Worth watching, leaning constructive. The mechanism is real, the combination logic is tight, the ASH 2025 ORR of 60-75% lands meaningfully above the ~30% pom/dex historical benchmark [8], and CellCentric is the only company with a clinical-stage p300/CBP inhibitor in heme - a clean first-in-class read that doesn't get muddied by competitor data. The signal to wait for from EHA 2026 and ASH 2026: confirmation that the ORR holds in a larger, more diverse population, and median duration of response ≥6 months. Watch the platelet curves more than the response rate - thrombocytopenia is what will kill this program if it kills it.

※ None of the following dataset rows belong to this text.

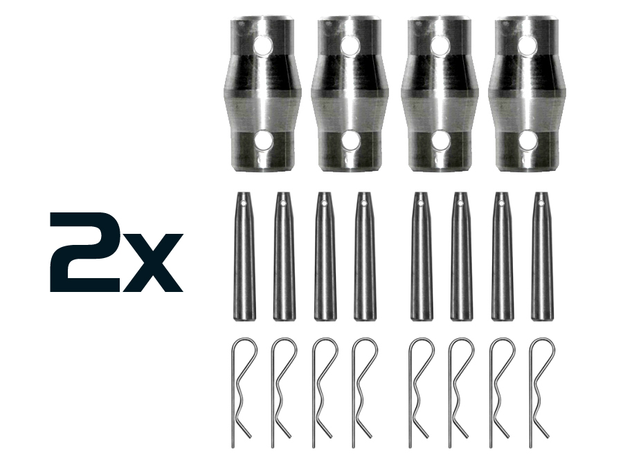 Lieferung inklusive Verbinderset, bestehend aus: 8 konischen Verbindern, 16 Bolzen und 16 Sicherungssplinten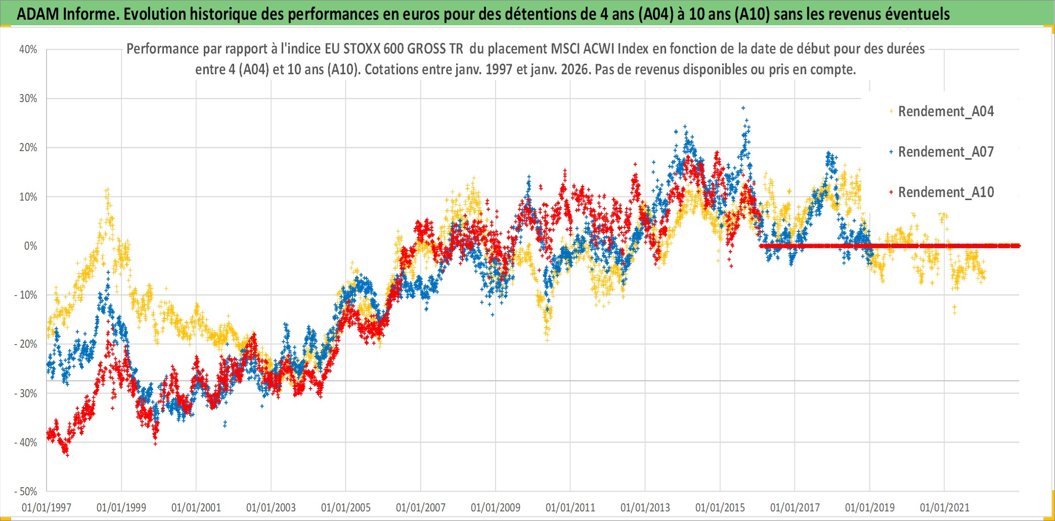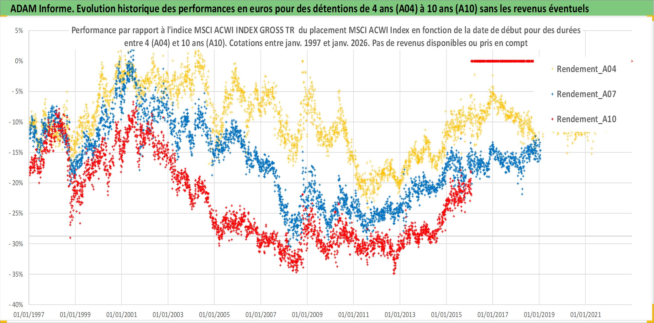 Site dédié aux investisseursPage dédiée sur site financeAnalyse des valorisations hebdomadaires de l'actif MSCI ACWI Index. Cet actif est cote en USD. Les valorisations sont en contrevaleur EURO et couvrent les semaines 1997W01 a 2026W05. Les revenus de cet actif financier ne sont pas connus car non existants ou non disponibles sur le site Yahoo Finance. La note ESG de cet actif n'est pas connue.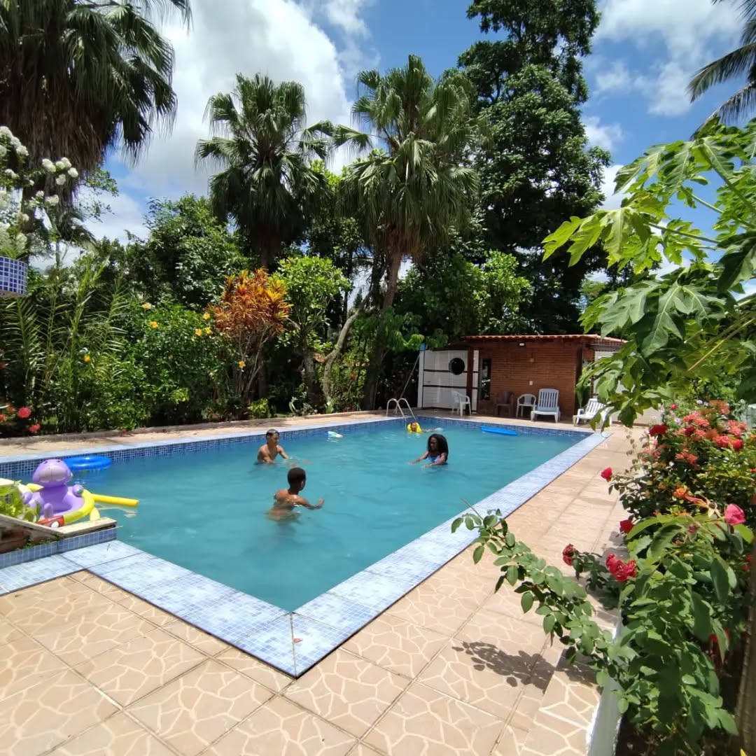 Piscina com cascata, campo de futebol, parquinho infantil e rio atrás da propriedade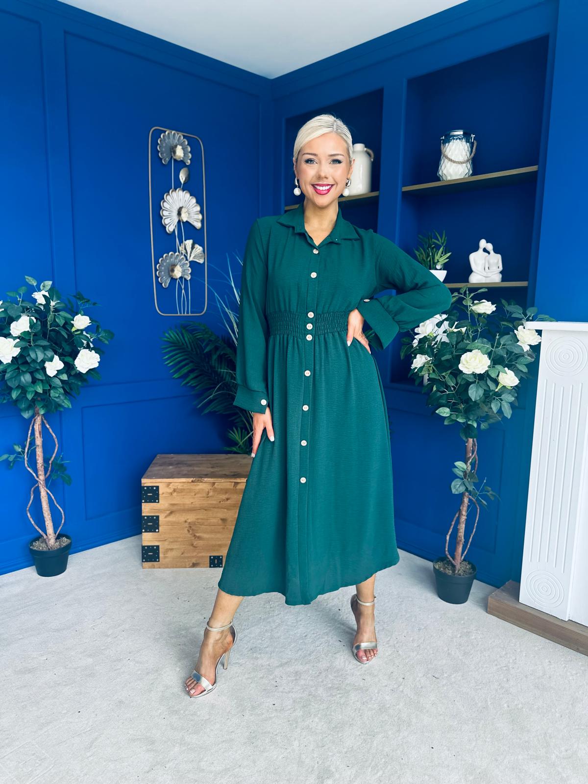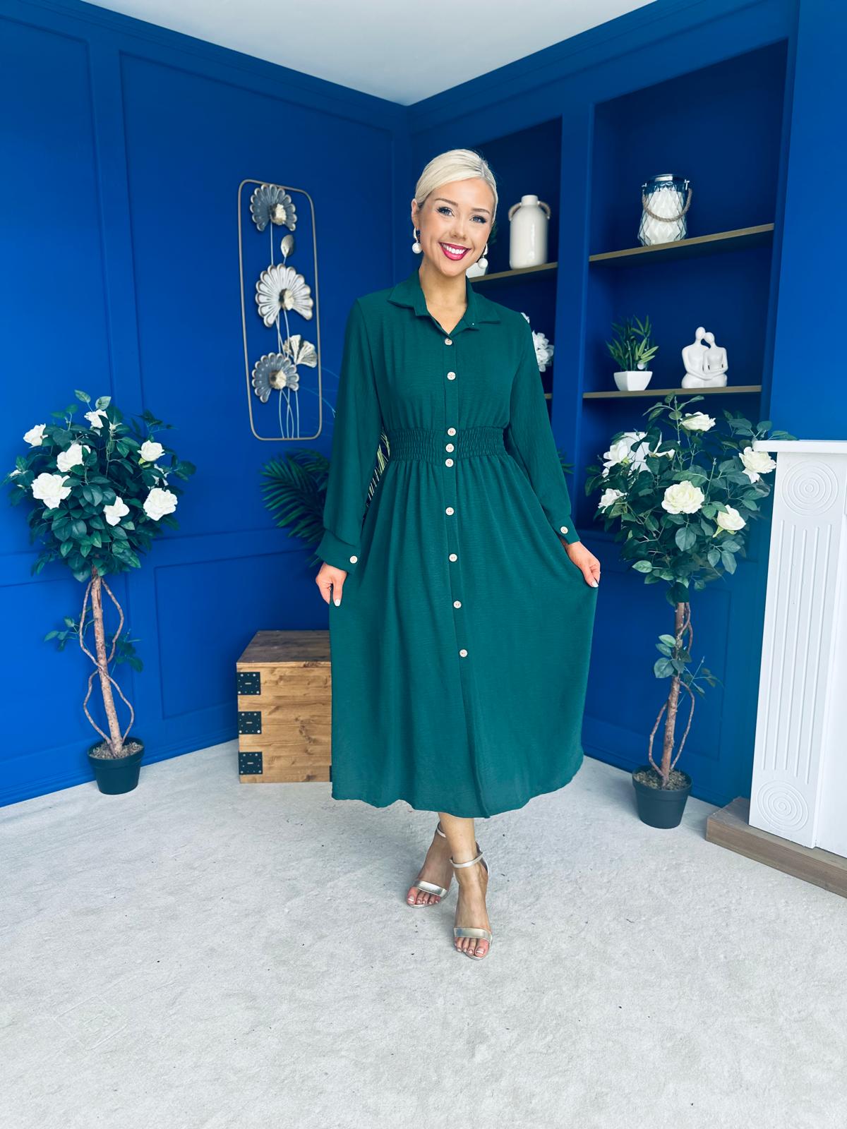 With just the top button opening the Brooke gives all the style of a shirt dress with the added comfort of the faux button detail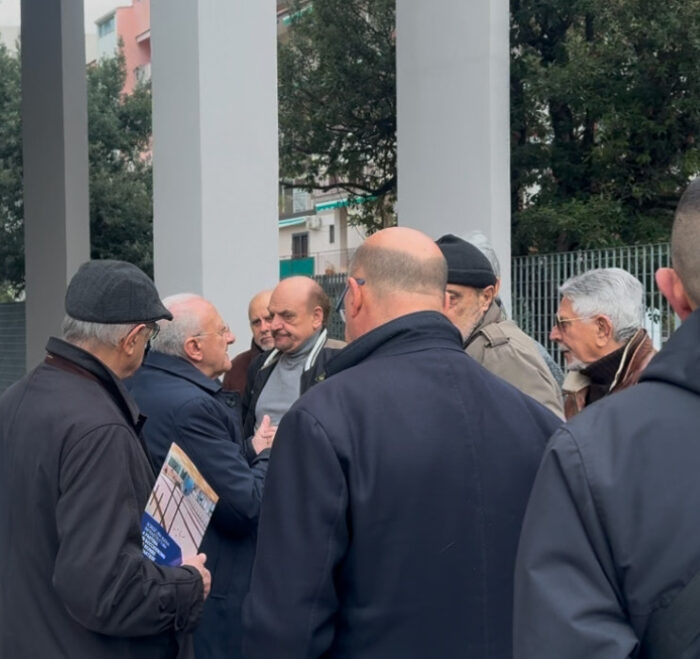 Spendere 150 milioni per il restyling dello stadio Arechi per poi ritrovarci in una categoria inferiore non sarebbe un bel biglietto da visita per la città di Salerno. Lo ha detto il presidente della regione Campania Vincenzo De luca, dopo aver accennato la questione anche ai giornalisti, in un incontro Informale che ha avuto questa mattina al termine della conferenza stampa che si è svolta presso il centro parrocchiale di San Giuseppe in via Guido Vestuti a Salerno, incontrando Riccardo Santoro, presidente del Centro di coordinamento salernitana Club ed altri tifosi come il consigliere comunale Antonio Carbonaro e l’ottantacinquenne Rocco Olivieri che domenica scorsa era in trasferta a Pisa. Abbiamo chiesto al presidente di parlare lui direttamente con Iervolino per farci capire cosa vuole fare hanno dichiarato al termine dell’incontro i tifosi accusando l’attuale patron della salernitana di cambiare in continuazione idea. “Noi continueremo ad andare allo stadio- ha assicurato a nome dei tifosi il presidente Santoro- di meno, ma sempre presenti”.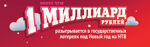 Итак, на НТВ в канун Нового года пройдут праздничные розыгрыши лотерей: «Гослото „5 из 36“ спецвыпуск», «Гослото „6 из 45“ спецвыпуск», Русское лото и «Гослото «4 из 20». А 1 января в 12:00 смотрите новогодние тиражи «Гослото «7 из 49», «6 из 36», «Жилищной лотереи» и «Золотой подковы». Не пропустите главную сенсацию сезона, ведь призовой фонд в размере более миллиарда рублей разыгрывается не каждый год!

Capital and partnership posture have shifted materially: with $220M Series D in hand and Pfizer already on the cap table [9][10], CellCentric does not need a partnership to fund Phase 3 - meaning any partnership announcement would be on better terms, not survival terms. The parallel CRPC program led by Johann de Bono [11] adds a second, fully independent registration track that is mostly absent from market consensus on this asset. Next check-ins: EHA 2026 (June 11-14) for any DOMMINO-1 update; ASH 2026 (December 2026) for expanded combination data and DOMMINO-2 launch update. If the company goes quiet through both, that's a signal in itself.